The two shapes are related but not the same.

What gets recorded in each

A short tour of fields, with the question they answer.

Observability

latency_ms: how slow was that step?
tokens_input, tokens_output: what is this costing?
model_name, model_version: did a recent change cause the regression?
error_class, error_message: where are breakages clustered?
user_id_hash, tenant_id: who is affected?

Evidence (AGEF v0.1)

Manifest: agef_version, producer, session.id, session.head, timestamps, hash_algorithm, counts.
Events: parents, kind, emitted_at, sequence, plus kind-specific fields.
Objects: every input, output, prompt, message, side effect.

A reader of an observability stream cannot answer "show me the input that produced this denial". A reader of an AGEF bundle cannot easily answer "what is the p99 latency for this tool". Both are right.

A pipeline that produces both

You do not need two duplicate pipelines. You need one source and two sinks.

agent runtime  ->  Akmon (single Rust binary)
                          |
                          +--> OTLP / metrics --> observability backend
                          |
                          +--> .akmon/audit/<session>.jsonl  --> trust pipeline
                                .akmon/evidence/<session>.json
                                AGEF bundle (Phase 4)

Akmon writes the audit chain and the evidence summary. Phase 4 export turns those into a portable AGEF bundle. Observability data continues to flow to your dashboard.

How to roll this out without breaking the existing stack

If your team already has observability, do not rip it out. Add evidence next to it.

A migration that works in three steps:

Two weeks: install Akmon. Run the trust pipeline on a small set of sessions. Confirm the three exit codes are 0.
Two weeks: add policy packs. Pin the tool surface. Run replay against a small canonical set in CI.
Ongoing: expand to more repos. Map AGEF event kinds to control statements. Hand a sample to your reviewer and ask what is missing.

By the end of the third step, the conversation with the reviewer changes. Instead of "we have logs", the answer is "here is the bundle, here is the verifier, here is the policy that fired".

Five things teams get wrong

Sampling for evidence. If a session is missing, the answer to "what did the agent do at 9:14" is "we do not know". The worst possible answer.
Storing raw inputs without redaction in shared bundles. Sensitive data does not belong in an evidence bundle that is going to a third party. Redact at the boundary; keep the structural events.
Same retention as observability. Observability is hot. Evidence is warm. Use storage classes that match the access pattern.
No verification step. A bundle that is not verified is a bundle that might fail when it counts. Make bundle import --verify-only a required step before any handoff.
Treating the format as an internal detail. Evidence is consumed by people outside your team. Pick an open format that survives them, not just one that fits today. AGEF is meant for that.

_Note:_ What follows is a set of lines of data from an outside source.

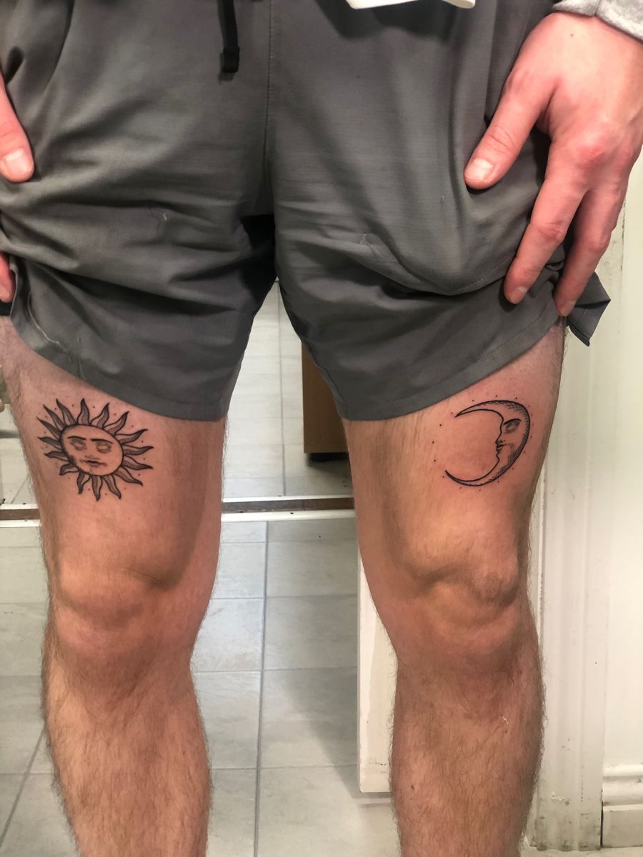 Balanced across both thighs, the expressive sun and sly crescent moon feel like day and night in dialogue. The spacing lets each symbol breathe while the duo reads as a set—simple, graphic, and instantly charming. If you love minimal patchwork but want a connected story, this pairing delivers harmony without clutter.
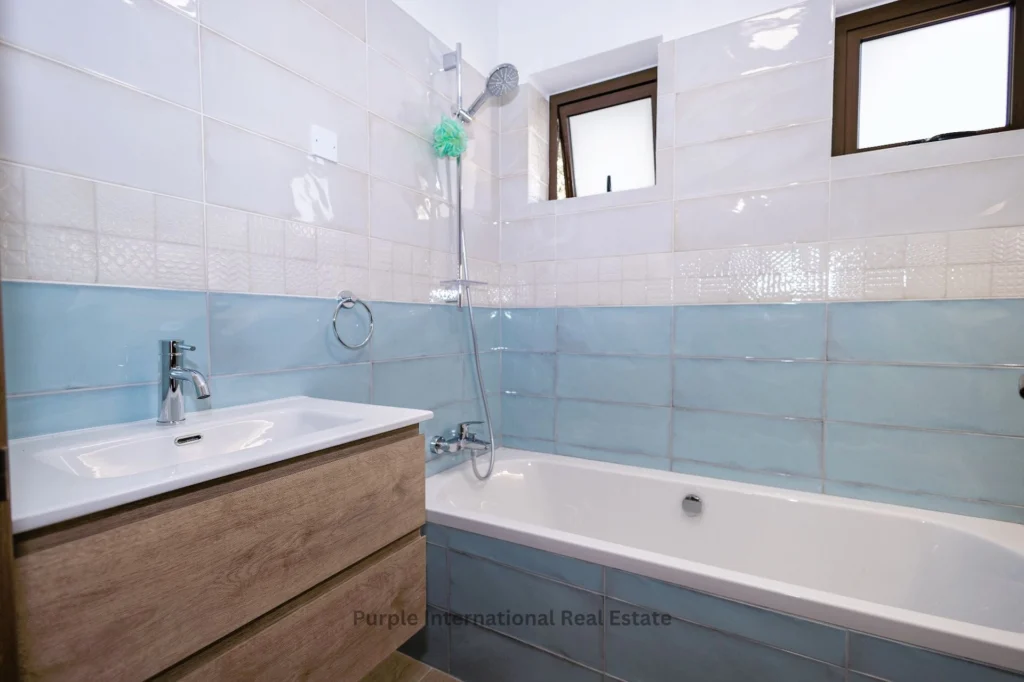 Step outside to the covered pergola for outdoor lounging or enjoy the serene rooftop veranda with stunning sea views. The garden, complete with fruit trees and a central watering system, offers a peaceful retreat.
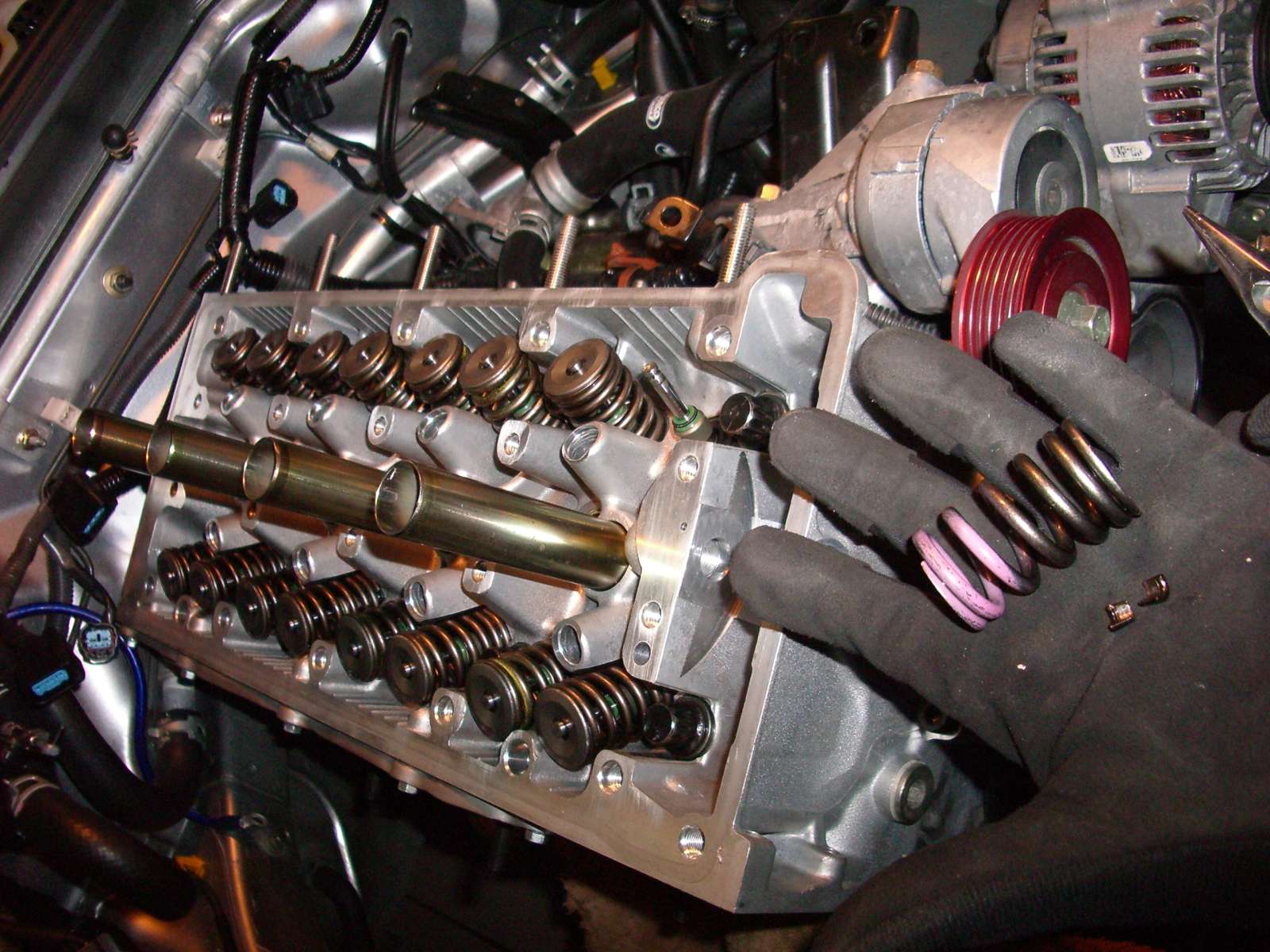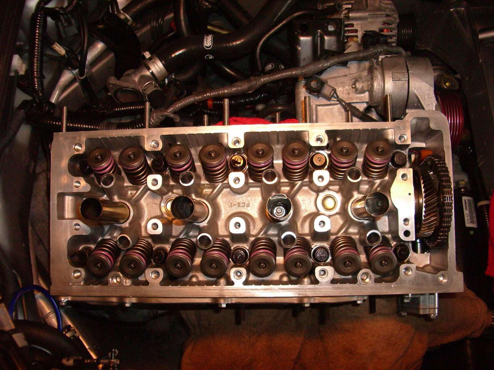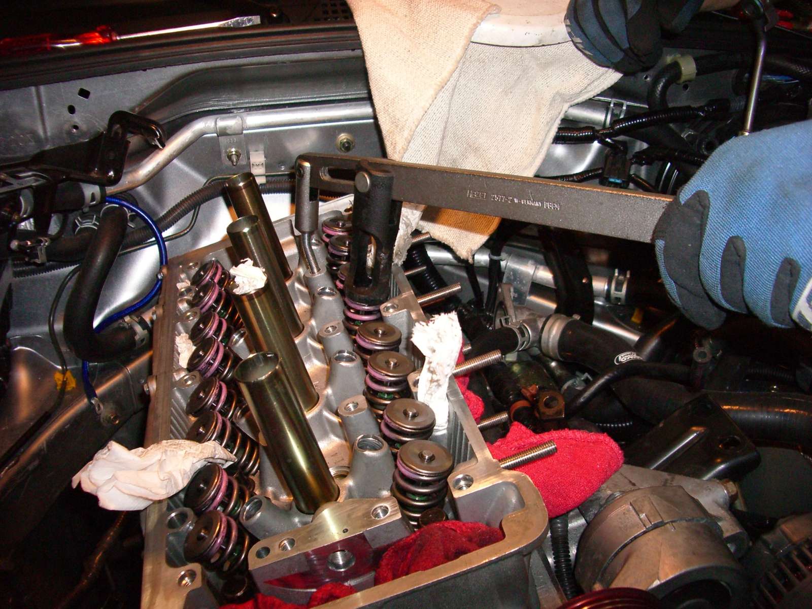 Da ich keine Druckluft habe, musste ich darauf achten, dass jew. der Kolben auf OT steht an dessen Zylinder ich die Federn am Wechseln war!! (damit die Ventile nicht runterfallen
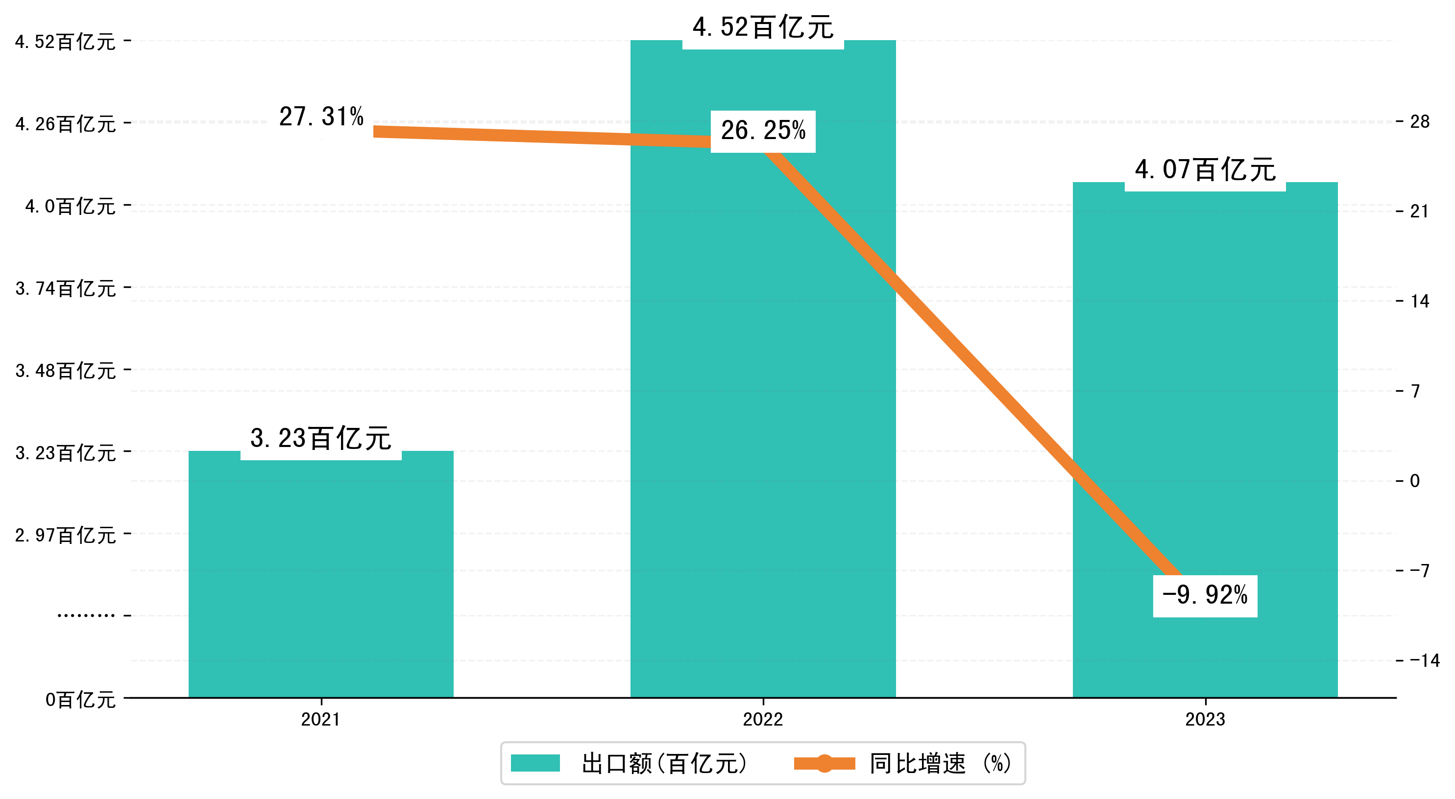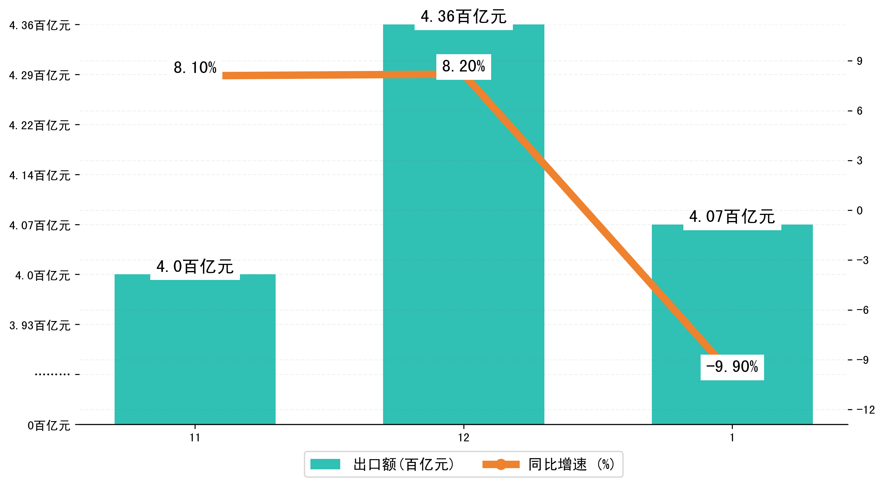以人民币计,2023年1月厦门市出口额为407,1907.7079万元,相比上月减少了28,9101.3604万元;相比上年同期减少了44,8386.1798万元,同比减少了-9.90%。
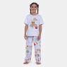 Pijama manga curta com estampa local e calça com estampa corrida, confeccionados em tecido meia-malha 100% algodão.

Why I picked AGEF for the evidence side

I wrote AGEF because I needed it. Observability formats were not built for the audience that consumes evidence. Vendor-specific traces leave the reader stuck in a dashboard. Custom JSON drifts in a quarter and rots in a year.

AGEF is small, opinionated, and portable. The full spec fits in a short document. The bundle is tar.zst with a manifest.json, events.bin (length-delimited canonical CBOR), and objects/<hex> files. The format is signed (planned). It works for any runtime that can emit it. It is the part of the stack I want to outlive any one tool, including mine.

Where to start

If you have observability already, you have most of the source data. The work is to project it into a normalized record per session, redact at the object level when you share, and verify the bundle on import. Akmon and AGEF give you that path without rewriting your dashboard.

If you do not have observability yet, start there. Get OpenTelemetry traces flowing for any agent runtime you care about. Then put Akmon in the middle and start writing evidence.

The repo is at github.com/radotsvetkov/akmon. The format is at github.com/radotsvetkov/agef. The site is at radotsvetkov.github.io/akmon.

When the next reviewer asks for the inputs, the policy decisions, the outputs, and a signature, you will have one answer instead of three.